Monday, February 15, 2016

Joy & Gratitude - Inseparable

The Advent Season this last winter 2015-16 was especially rich in messages for me.

Here’s one:

Joy and gratitude are inseparable. Seems like an easy concept, an easy message to get. Here’s part of the meditation from the Fourth Sunday of Advent (December 20, 2015) from the booklet Unity produces:
When I’m going through a hard time, I remember that joy awaits me on the other side. Joy is the essence of Spirit energy in me. It may be subdued at times, but it is always there….As I open my heart to God (within), joy bursts out, and gratitude flows in.
I know this to be true because I felt such sadness missing my dad this last holiday season – and yet I decorated one of my favorite Christmas trees ever this year – in a blue, silver, gold and white theme. And I spent several evenings just sitting quietly in our darkened living room petting one of my dogs and thinking of my dad – sadness there but also joy and gratitude that I had as many years as I did with him.


P.S. I chose this image because I'm grateful I get to go to Florida for a couple weeks, to spend some time with my sisters and a good friend, all of whom live a plane ride away from New Jersey. A walk on the beach every day? Sounds good to me.

~ JEAN

Tuesday, February 9, 2016

Chemicalization


In some of the classic Unity texts, like Lessons in Truth by Emilie Cady and The Revealing Word by Charles Fillmore for example, there are references to a spiritual process called chemicalization.  In Rev. Paul Hasselbeck’s book Heart-Centered Metaphysics: A Deeper Look at Unity Teachings, chemicalization is defined as “the experience of inner conflict and upheaval that occurs when aspects of our consciousness resist the transformation process.   This happens when a high spiritual realization conflicts with a belief that is contrary to the new realization.”  

I have been experiencing my own version of chemicalization lately.  If you have read my blog posts in the past, you know that I recently set out to test the Law of Mind Action.  But while trying to prove to myself that the Law of Mind Action worked in a particular way, I actually discovered that it doesn’t work at all in the way I thought.  In fact, everything I had learned over the past fifteen years about abundance consciousness was completely turned upside down by my experiment.  The result of this upheaval has been a lingering sense of disenchantment, disappointment and general inner turmoil, as well as diminishing enthusiasm about Unity principles and about spirituality in general.  In fact, I have been so undone by what I discovered during that experiment that I have actually considered abandoning Unity altogether.   Unity teachings didn’t seem to fit with my new belief system.  

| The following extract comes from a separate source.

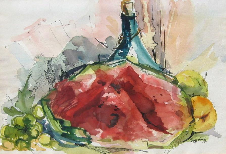 PEGGY GOETZ (American, 20th Century) Still Life with Wine Bottle & Fruit Watercolour 15" x 22" (38.1 x 55.88cm.) Signed lower right

Thank goodness I made a commitment months ago to complete the Metaphysics I, Part I, course with Rev. Rachel Sue Ritz for S.E.E. credit through Unity Institute.  So even though I haven’t been feeling very warm and fuzzy about Unity teachings lately, not wanting to renege (read as “fail”) on that commitment, I recently forced myself to read through the assigned chapters again and to complete the requirement homework assignments.  As I read, an amazing thing happened.  I discovered that the new realizations I have been struggling to assimilate into my consciousness – and which have been causing such inner conflict for me, are actually perfectly expressed throughout the Unity teachings.  I don’t know how I missed them before.  In fact, everything I read nowadays from Unity is in perfect alignment with my new way of thinking.  How could I have gleaned something so different from the Unity teachings in the past?  It’s remarkable how a shift in the mind can create such a huge shift in perception.   

Before I set out to test the Law of Mind Action, I believed that if I minded my thoughts and practiced my affirmations and developed crystal clarity about what I wanted, God would give me all of my heart’s desires.  And I thought that the reason I still wasn’t getting what I wanted, after all these years of practicing, was that I just hadn’t perfected my affirmation process yet.  What I discovered through my experiment was that if I mind my thoughts and practice my affirmations and develop crystal clarity about what I want, I can tap into a flow of divine ideas which empowers ME to achieve my goals.  God isn’t in the business of giving me what I want.  God is in the business of BEING – of being love and oneness and creativity and beauty. . .  It is MY job to cultivate an awareness of my oneness with Spirit and to take action in the direction of my dreams.  On the one hand, I have been extremely disappointed to learn that God is not ever going to step in and take care of my affairs for me.  I guess I have been waiting for a white knight to rescue me.  On the other hand, it is tremendously empowering to know that I have everything I need inside me to accomplish whatever I set out to accomplish.  

I didn’t realize how deeply this experience was affecting me until I started reading about chemicalization.  I thought that my feelings of inner conflict and turmoil were an indication that there was something wrong with me or with my belief system.  I am thankful to have a word for what I am going through.  I’m also thankful to know that, at least for now, the Unity teachings are still a solid source of spiritual nourishment for me.